By: Radel Paredes October 29,2017 - 01:03 AM

PAREDES

A simple note scribbled by Albert Einstein on a hotel stationery and given to a bellboy in lieu of a tip at the Imperial Hotel in Tokyo in 1922 has recently been sold at an Israeli auction house to an anonymous bidder for $1.56 million. Originally written in German, it reads: “A calm and modest life brings more happiness than the pursuit of success combined with constant restlessness.” Actually, Einstein also wrote on the second page of the stationery: “Where there’s a will there’s a way.” That second note also sold for $240,000.

The story goes that Einstein, who had just won the Nobel Prize, went to Japan as part of his lecture tour in Asia. He was surprised to see a crowd of 2,500 people gathered at the lecture hall waiting eagerly to see him. This huge crowd was proof that he was getting famous worldwide, a rare achievement for an astrophysicist at that time.

Having to deal with instant fame was probably what Einstein had in mind when he wrote that note. He had just arrived at his room in the hotel after being given a grand reception at the lecture hall when he met that bellboy. After handing out his note to him, he told him to keep it as it might be worth something someday. Like many of his statements, that advice proved prophetic.

The note was sold to the auction house by the grandson of the bellboy’s brother, who is now living in Germany. He was reported to be so elated when he learned that he had just become a millionaire.

It was a twist of fate, for money would be the last thing on Einstein’s mind when he thought of the formula for happiness. Yet, he also once said that “God does not play dice with the universe.”

The irony might be fortuitous, indeed. Einstein himself demonstrated that contradiction. Just when he was about to be attending the award ceremony for the Nobel Prize, he instead went straight to Japan for his lecture. He was obviously not going after the accolades and the drama of big success.

And yet, he could not totally evade it. He made science popular worldwide and his fans were growing. Crowds followed him in Japan, even at his lectures. They stayed long to listen to him talk. In his Tokyo lecture alone, it took him four hours because of the translations. And yet the people stayed. Such is the power of the astrophysicist who had become — no pun intended — a star.

In 1922, radio was just being introduced and it would still be years before the coming of television and decades before the internet. But somehow the world had known about this great scientist who was then trying to unlock the mysteries of the atom, the nature of the cosmos and the prospect of time travel. Those ideas triggered global curiosity. They were just too powerful, too fundamental to be ignored.
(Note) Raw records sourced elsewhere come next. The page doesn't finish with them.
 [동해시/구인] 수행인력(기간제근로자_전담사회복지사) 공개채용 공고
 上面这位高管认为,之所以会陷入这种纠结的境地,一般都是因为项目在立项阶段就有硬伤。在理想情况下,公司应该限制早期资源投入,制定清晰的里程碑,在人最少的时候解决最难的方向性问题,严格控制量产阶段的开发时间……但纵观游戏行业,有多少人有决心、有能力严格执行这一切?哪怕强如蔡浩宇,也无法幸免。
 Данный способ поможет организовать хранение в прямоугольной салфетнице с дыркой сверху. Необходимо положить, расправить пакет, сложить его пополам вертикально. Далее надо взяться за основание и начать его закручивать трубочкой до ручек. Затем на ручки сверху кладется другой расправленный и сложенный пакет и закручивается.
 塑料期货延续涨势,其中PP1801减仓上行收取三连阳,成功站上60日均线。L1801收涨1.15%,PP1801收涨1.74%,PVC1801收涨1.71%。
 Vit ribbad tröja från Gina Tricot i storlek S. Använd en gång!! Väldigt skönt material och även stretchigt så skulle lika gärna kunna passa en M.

Einstein took his growing popularity as an opportunity to promote not only science but world peace during those years when the world had just seen the horrors of the first global war and was starting to see signs that there would be another one coming.

So perhaps, that was one reason why he went to Japan and the rest of Asia for his lecture series. And still another paradox of this great genius: he had the gift of simplicity, of being able to explain some of the most complex theories in a language that people can understand. That helped made him a global pop icon.
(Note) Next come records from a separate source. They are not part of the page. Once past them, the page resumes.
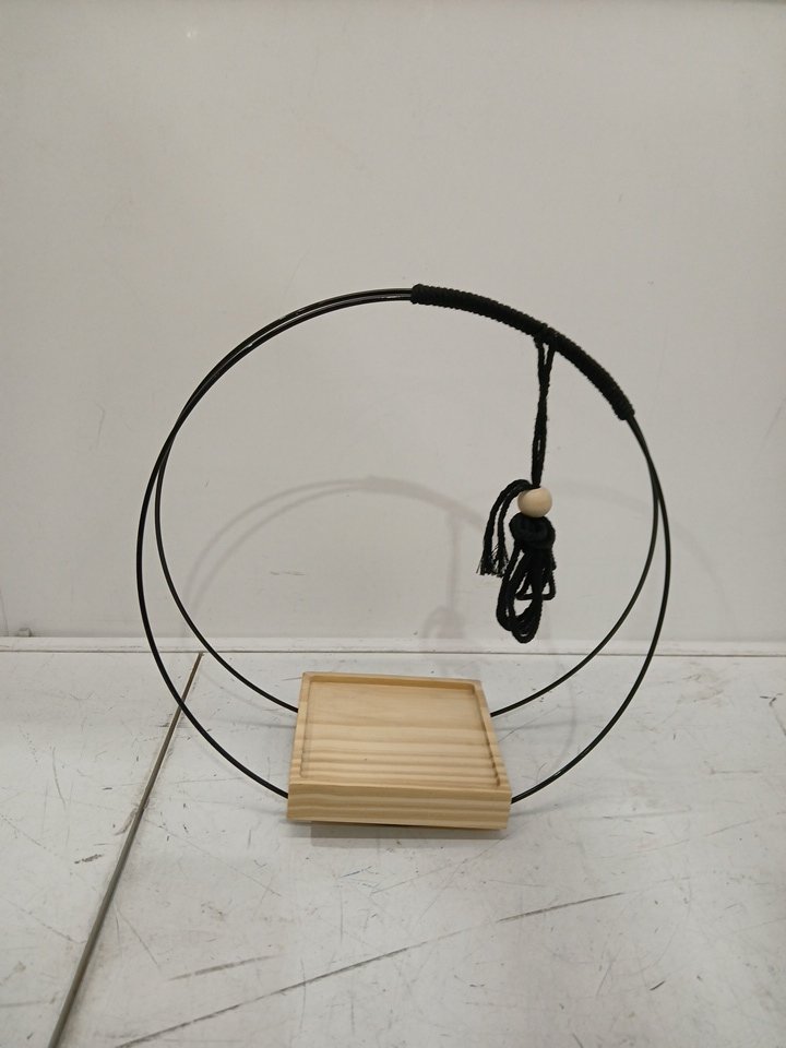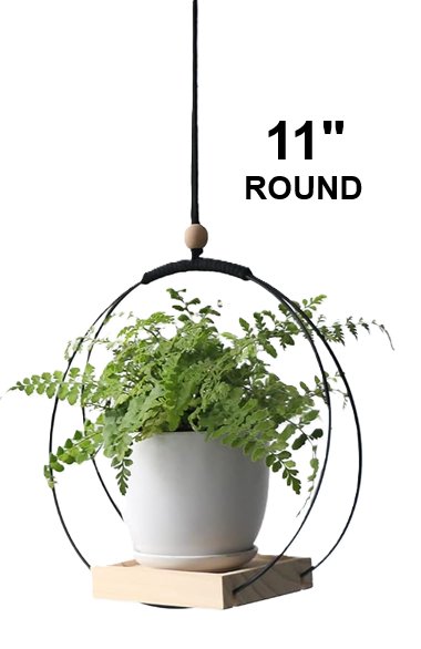 ABETREE Hanging Planter with Wood Base - 11" ROUND - BLACK/NATURAL
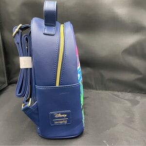 Vibrant Loungefly backpack featuring a Disney theme. Blue and purple hues with colorful aquatic design. Includes matching wallet.
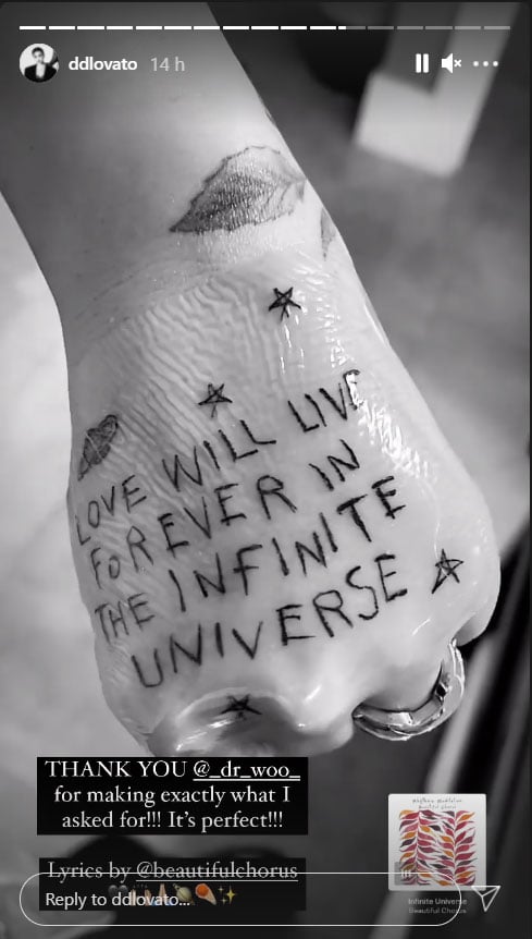 Demi Lovato shows off her brand new song lyric tattoo

Yet, he knew too well that with success comes the stress of having to always keep it up or, rather, keep up with it. The “constant anxiety,” as he very well put it. And, of course, like most wise men, he knew the more enduring joy that comes with modesty and living simply.
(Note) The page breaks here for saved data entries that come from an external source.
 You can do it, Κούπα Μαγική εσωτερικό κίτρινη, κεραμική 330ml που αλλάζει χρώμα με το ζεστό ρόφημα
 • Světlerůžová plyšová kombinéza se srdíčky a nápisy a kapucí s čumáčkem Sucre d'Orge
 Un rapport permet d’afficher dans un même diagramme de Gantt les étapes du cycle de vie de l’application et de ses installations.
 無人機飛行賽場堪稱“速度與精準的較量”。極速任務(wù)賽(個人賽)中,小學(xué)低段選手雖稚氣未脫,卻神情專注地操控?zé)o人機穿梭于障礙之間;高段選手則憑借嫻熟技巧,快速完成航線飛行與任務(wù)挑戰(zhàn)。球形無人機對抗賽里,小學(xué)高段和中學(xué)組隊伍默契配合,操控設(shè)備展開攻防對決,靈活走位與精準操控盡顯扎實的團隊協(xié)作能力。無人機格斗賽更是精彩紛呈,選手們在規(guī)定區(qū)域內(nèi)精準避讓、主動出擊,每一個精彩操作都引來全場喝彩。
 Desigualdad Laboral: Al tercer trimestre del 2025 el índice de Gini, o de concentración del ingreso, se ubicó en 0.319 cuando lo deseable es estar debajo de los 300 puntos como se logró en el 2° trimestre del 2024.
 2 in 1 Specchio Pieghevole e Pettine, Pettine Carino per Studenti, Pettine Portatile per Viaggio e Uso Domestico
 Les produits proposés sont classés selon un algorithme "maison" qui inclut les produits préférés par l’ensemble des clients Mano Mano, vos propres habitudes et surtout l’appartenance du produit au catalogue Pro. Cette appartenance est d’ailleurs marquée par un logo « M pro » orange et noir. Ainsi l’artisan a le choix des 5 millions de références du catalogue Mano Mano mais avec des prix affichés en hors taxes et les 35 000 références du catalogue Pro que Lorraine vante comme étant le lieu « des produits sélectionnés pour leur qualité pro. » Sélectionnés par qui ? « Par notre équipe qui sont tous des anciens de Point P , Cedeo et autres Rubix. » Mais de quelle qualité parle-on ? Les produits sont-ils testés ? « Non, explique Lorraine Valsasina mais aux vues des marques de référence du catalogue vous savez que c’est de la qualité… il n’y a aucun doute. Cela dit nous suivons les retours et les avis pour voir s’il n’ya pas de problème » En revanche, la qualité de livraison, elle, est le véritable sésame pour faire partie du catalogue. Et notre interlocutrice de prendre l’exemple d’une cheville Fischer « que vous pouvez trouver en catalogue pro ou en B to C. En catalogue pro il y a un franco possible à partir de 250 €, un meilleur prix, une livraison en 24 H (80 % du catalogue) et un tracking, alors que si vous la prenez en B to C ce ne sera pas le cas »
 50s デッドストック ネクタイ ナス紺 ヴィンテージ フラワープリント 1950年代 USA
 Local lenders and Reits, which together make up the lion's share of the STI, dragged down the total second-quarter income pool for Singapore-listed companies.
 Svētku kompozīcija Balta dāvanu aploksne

This made Einstein truly an extraordinary man. Most of us, in contrast, are so preoccupied with success that is usually marked by acquisition of wealth, power and fame at different levels. We are so obsessed with the common pursuit of such things unmindful that along with it comes the constant restlessness of having to keep up with the Joneses.

But for Einstein, it’s not the Joneses but the ordinary Joe who may actually come closer to real happiness, given the simplicity and modesty of his own life. And so, in that hotel in Tokyo, Einstein gave a rather strange gift to a stranger, a tip that much later on would be worth more than a million dollars. It did not change the life of that bellboy. But it did make his descendants years later a lot happier. At least for the time being.

One thing for sure, it pays to be a relative of Albert Einstein, no matter how distant. Now, that’s another take on the theory of relativity.